**Work instructions**
Each entry is to be given again precisely, and no picture may be carried over.
______
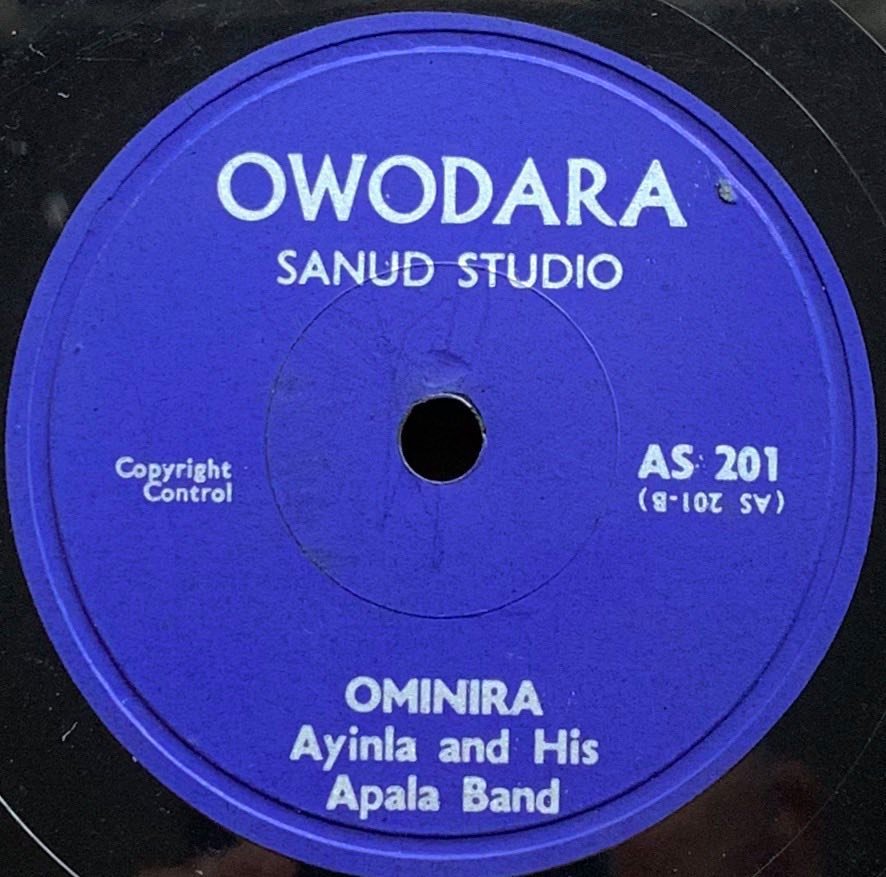 -- Ayinla Omowura started his music called "Olalomi" in the early 50s, and then turned into the music of Apala. This disk, discovered by Yoshiki Fukazawa, was probably released in the late 1950s.
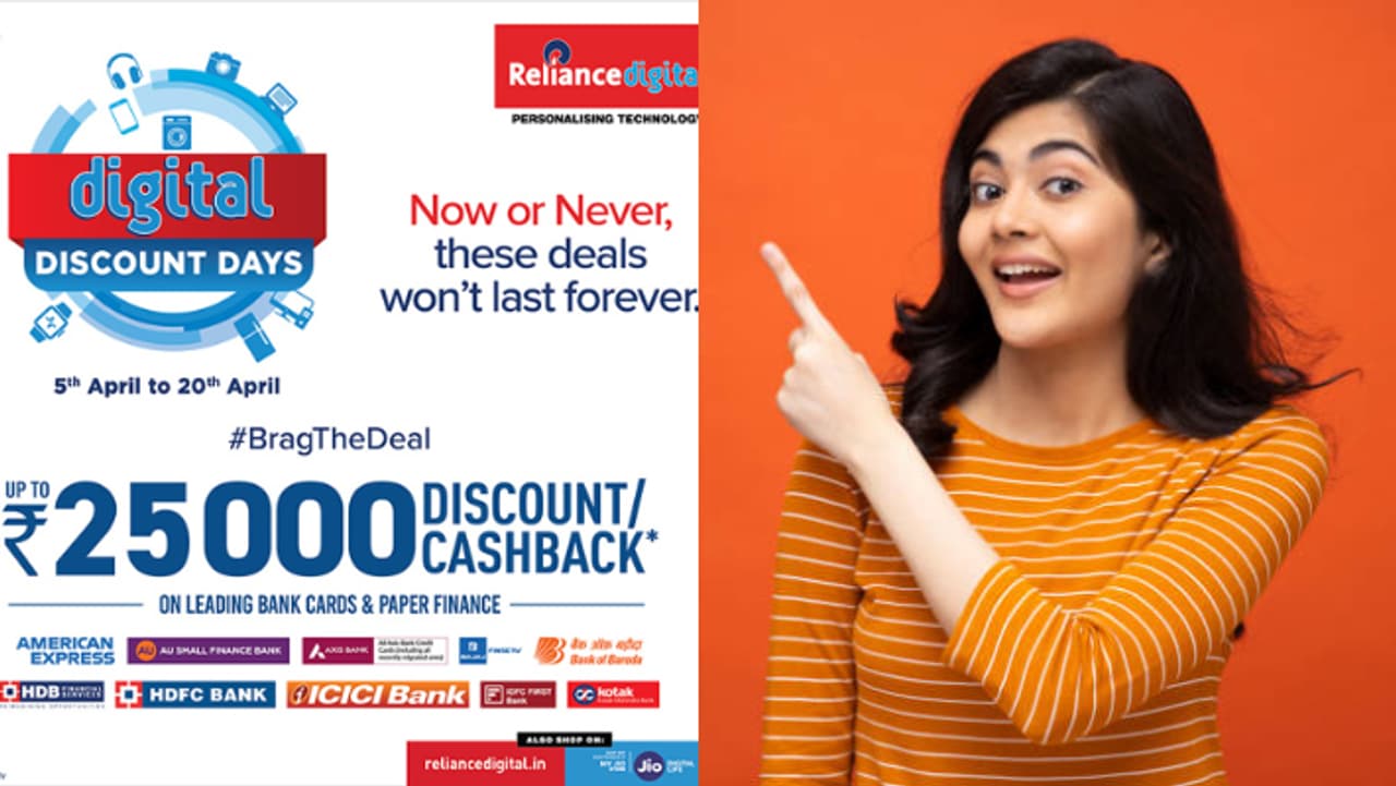 ரிலையன்ஸ் டிஜிட்டல் மீண்டும் ஒரு பெரிய சலுகையுடன் வாடிக்கையாளர்களை சந்திக்க வந்துள்ளது. ஏப்ரல் 5, 2025 முதல் 'டிஜிட்டல் தள்ளுபடி தினங்கள்' விற்பனையைத் தொடங்கியது. ஒவ்வொரு ஆண்டும் பண்டிகைகள், விடுமுறை நாட்களில் சலுகைகளை அறிவிக்கும் ரிலையன்ஸ் டிஜிட்டல், இப்போது கோடை விடுமுறையை முன்னிட்டு டிஜிட்டல் தள்ளுபடி தினங்கள் விற்பனையை அறிவித்துள்ளது.
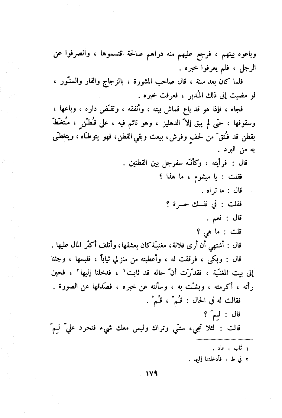 قال: وبكى، فرققت له، وأعطيته من منزلي ثيابا، فلبسها، وجئنا إلى بيت المغنّية، فقدّرت أنّ حاله قد ثابت «1» ، فدخلنا إليها «2» ، فحين رأته، أكرمته، وبشّت به، وسألته عن خبره، فصدقها عن الصورة.
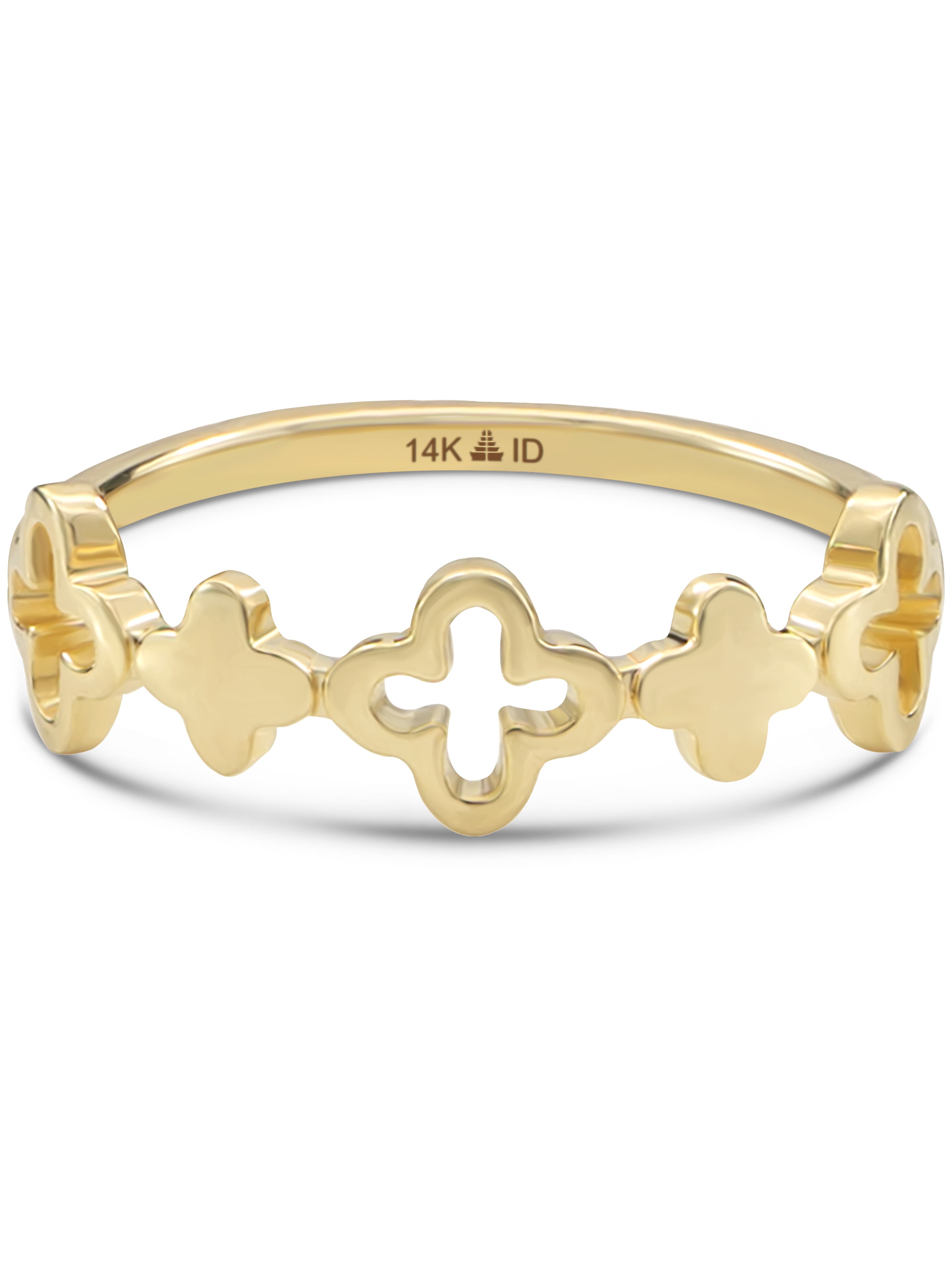Clover collection celebrates charm, good fortune, hope and prosperity. Featuring delicate four-leaf clover design, perfect for everyday wear or as a meaningful gift, this collection blends timeless elegance with a touch of grace. Crafted in 14K gold, stamped 14K to certify solid 14K Gold. Band ring width 6mm. Approx. weight 2.3 - 2.7 grams
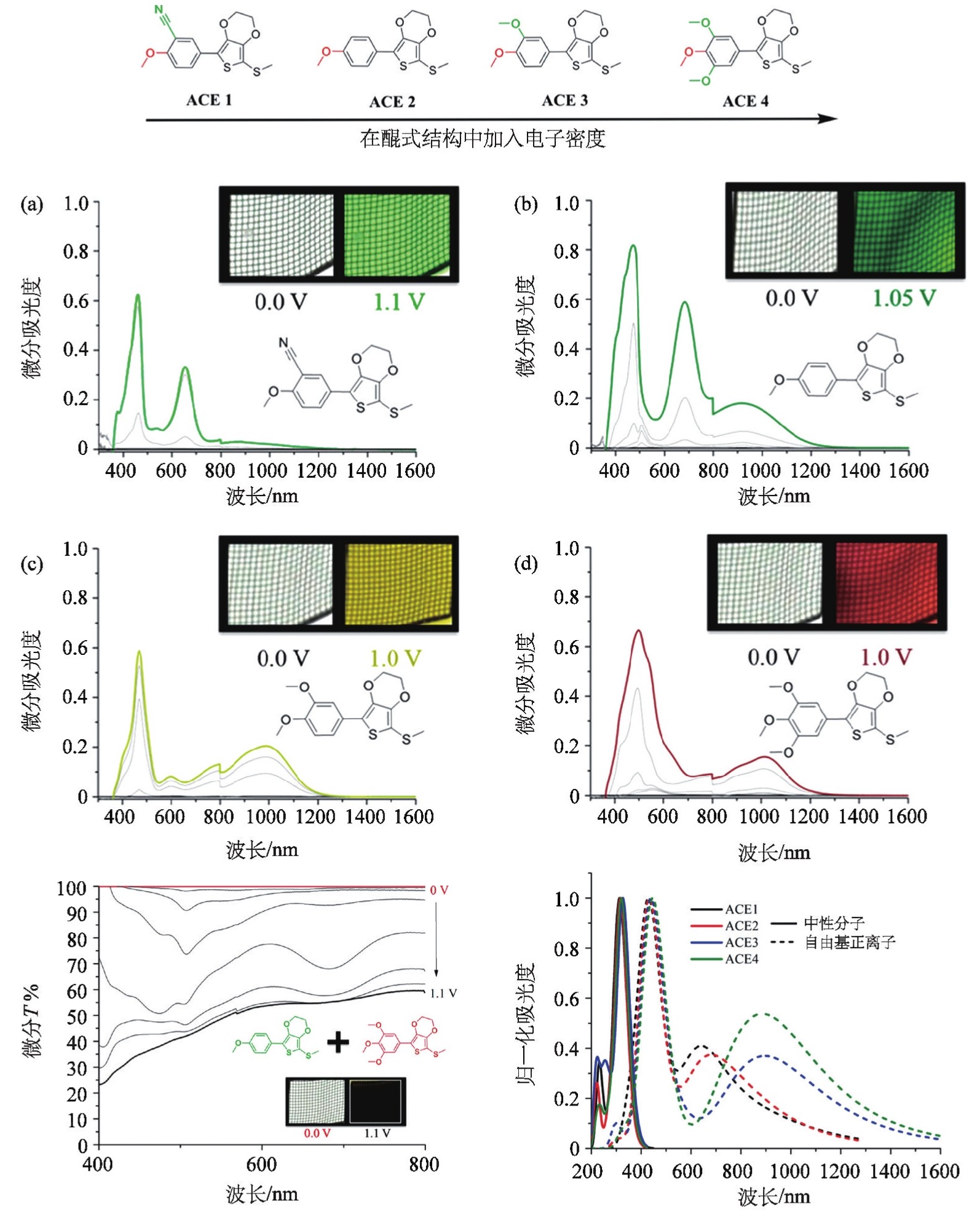 在有机电致变色的阳极着色领域中,对如何控制带电态的吸收存在着知识空白。2019年,Dylan T.Christiansen等人提出了共轭阳极着色电致变色分子设计的新策略(图3.28) [17] 。通过简单地调整取代基的位置和类型,可以实现对材料的颜色控制,而两种物质的混合物可以形成从无色到黑色的可逆变色效果。实验结果表明,自由基阳离子的能级可以由与发色团交叉共轭的富电子/缺电子部分控制,最终控制材料的光吸收和颜色。
______
**Result below**
 -- Ayinla Omowura started his music called "Olalomi" in the early 50s, and then turned into the music of Apala. This disk, discovered by Yoshiki Fukazawa, was probably released in the late 1950s.
 ரிலையன்ஸ் டிஜிட்டல் மீண்டும் ஒரு பெரிய சலுகையுடன் வாடிக்கையாளர்களை சந்திக்க வந்துள்ளது. ஏப்ரல் 5, 2025 முதல் 'டிஜிட்டல் தள்ளுபடி தினங்கள்' விற்பனையைத் தொடங்கியது. ஒவ்வொரு ஆண்டும் பண்டிகைகள், விடுமுறை நாட்களில் சலுகைகளை அறிவிக்கும் ரிலையன்ஸ் டிஜிட்டல், இப்போது கோடை விடுமுறையை முன்னிட்டு டிஜிட்டல் தள்ளுபடி தினங்கள் விற்பனையை அறிவித்துள்ளது.
 قال: وبكى، فرققت له، وأعطيته من منزلي ثيابا، فلبسها، وجئنا إلى بيت المغنّية، فقدّرت أنّ حاله قد ثابت «1» ، فدخلنا إليها «2» ، فحين رأته، أكرمته، وبشّت به، وسألته عن خبره، فصدقها عن الصورة.
Clover collection celebrates charm, good fortune, hope and prosperity. Featuring delicate four-leaf clover design, perfect for everyday wear or as a meaningful gift, this collection blends timeless elegance with a touch of grace. Crafted in 14K gold, stamped 14K to certify solid 14K Gold. Band ring width 6mm. Approx. weight 2.3 - 2.7 grams
 在有机电致变色的阳极着色领域中,对如何控制带电态的吸收存在着知识空白。2019年,Dylan T.Christiansen等人提出了共轭阳极着色电致变色分子设计的新策略(图3.28) [17] 。通过简单地调整取代基的位置和类型,可以实现对材料的颜色控制,而两种物质的混合物可以形成从无色到黑色的可逆变色效果。实验结果表明,自由基阳离子的能级可以由与发色团交叉共轭的富电子/缺电子部分控制,最终控制材料的光吸收和颜色。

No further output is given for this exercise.